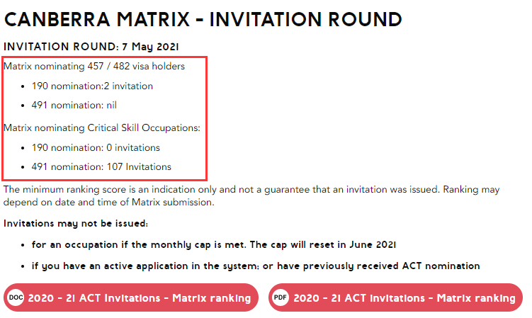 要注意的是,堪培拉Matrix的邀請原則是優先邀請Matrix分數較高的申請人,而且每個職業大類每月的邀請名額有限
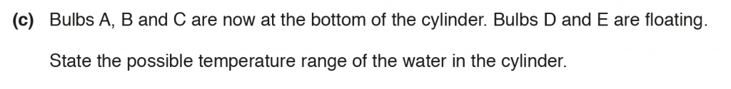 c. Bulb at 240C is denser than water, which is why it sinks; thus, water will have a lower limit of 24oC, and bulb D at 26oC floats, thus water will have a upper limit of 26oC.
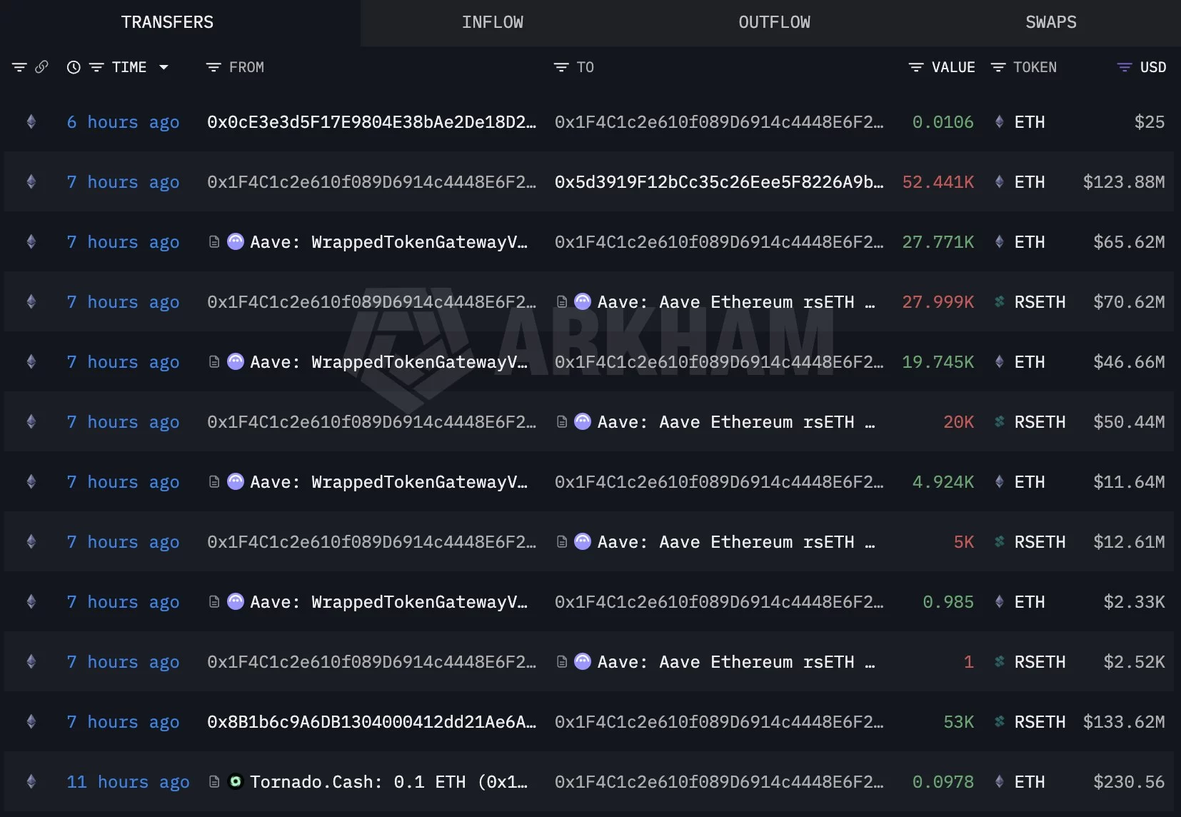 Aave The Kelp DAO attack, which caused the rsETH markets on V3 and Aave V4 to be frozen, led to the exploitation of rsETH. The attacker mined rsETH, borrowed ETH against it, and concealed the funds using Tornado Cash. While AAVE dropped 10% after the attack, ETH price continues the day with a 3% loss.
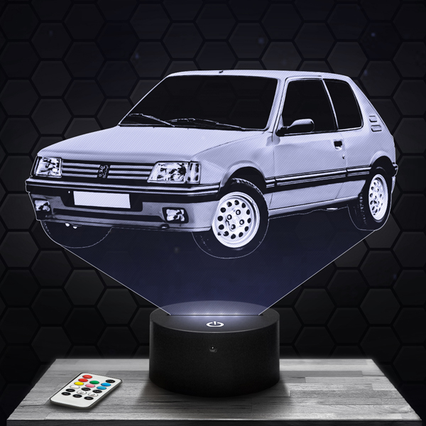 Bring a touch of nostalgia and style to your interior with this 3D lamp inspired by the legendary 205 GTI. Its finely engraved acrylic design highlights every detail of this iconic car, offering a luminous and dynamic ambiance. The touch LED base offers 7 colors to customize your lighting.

· · · · · · ·

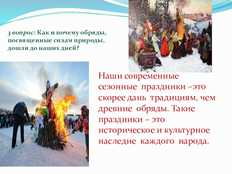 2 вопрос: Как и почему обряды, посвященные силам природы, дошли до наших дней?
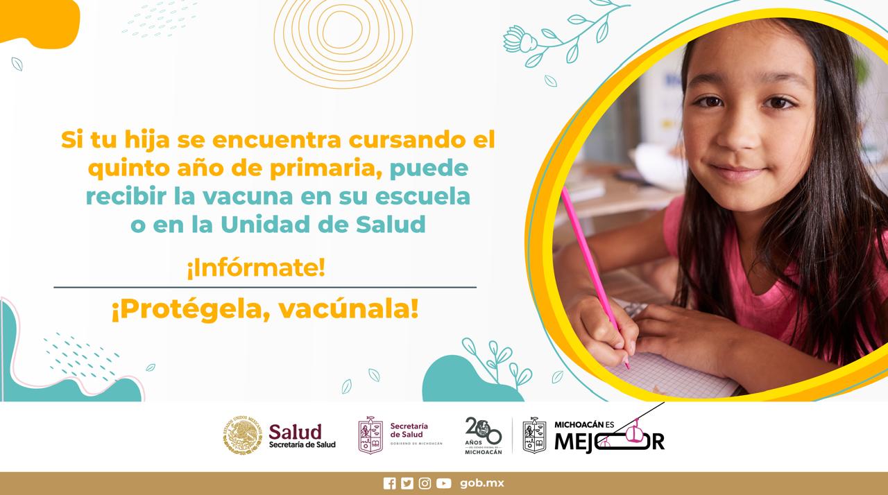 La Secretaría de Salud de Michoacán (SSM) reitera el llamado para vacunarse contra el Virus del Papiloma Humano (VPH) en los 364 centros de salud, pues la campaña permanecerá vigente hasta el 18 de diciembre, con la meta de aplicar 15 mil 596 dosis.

· · · · · · ·

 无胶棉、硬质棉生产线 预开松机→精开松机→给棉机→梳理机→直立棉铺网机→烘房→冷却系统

· · · · · · ·

### Task objective
When you reach the line with "要注意的是,堪培拉Matri" in the records above, begin repeating the lines exactly, and stop after the line with "c. Bulb at 240C". Skip all pictures.

### Solved exercise
 要注意的是,堪培拉Matrix的邀請原則是優先邀請Matrix分數較高的申請人,而且每個職業大類每月的邀請名額有限
 c. Bulb at 240C is denser than water, which is why it sinks; thus, water will have a lower limit of 24oC, and bulb D at 26oC floats, thus water will have a upper limit of 26oC.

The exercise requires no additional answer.